Exercise directions: Please print exactly the lines from the line containing "写歌或者是修改歌词。本身就是" through the end of the data, no more, and keep pictures out of the copy.

Exercise data:
■ ■ ■ ■ ■

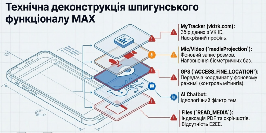 - Наскрізне профілювання користувачів: Додаток використовує аналітичний трекер MyTracker (vktrk.com), який збирає дані з інших платформ екосистеми VK (Одноклассники, ICQ, VK ID).8 Це дозволяє зіставляти анонімні акаунти в інших мережах з реальною особою користувача MAX, створюючи вичерпний цифровий портрет.8
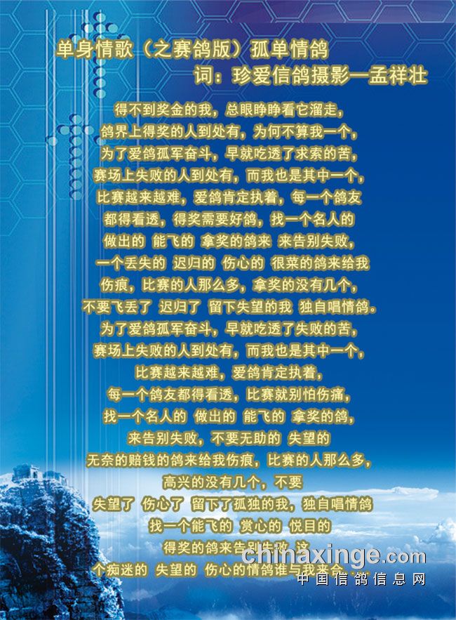 写歌或者是修改歌词。本身就是一种意境。就是专业的词作者也不是百分百都受欢迎。支持《珍爱信鸽摄影》孟哥
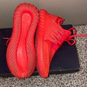 Super cute limited edition all red Adidas Tubulars. Only worn a few times. Small circle dirt spot on the front left shoe (pictured), but definitely would be able to get out. Super comfy and so so cute! Fits a size 7.5 women’s, size 5.5 men.

■ ■ ■ ■ ■

Solution below:
 写歌或者是修改歌词。本身就是一种意境。就是专业的词作者也不是百分百都受欢迎。支持《珍爱信鸽摄影》孟哥
 Super cute limited edition all red Adidas Tubulars. Only worn a few times. Small circle dirt spot on the front left shoe (pictured), but definitely would be able to get out. Super comfy and so so cute! Fits a size 7.5 women’s, size 5.5 men.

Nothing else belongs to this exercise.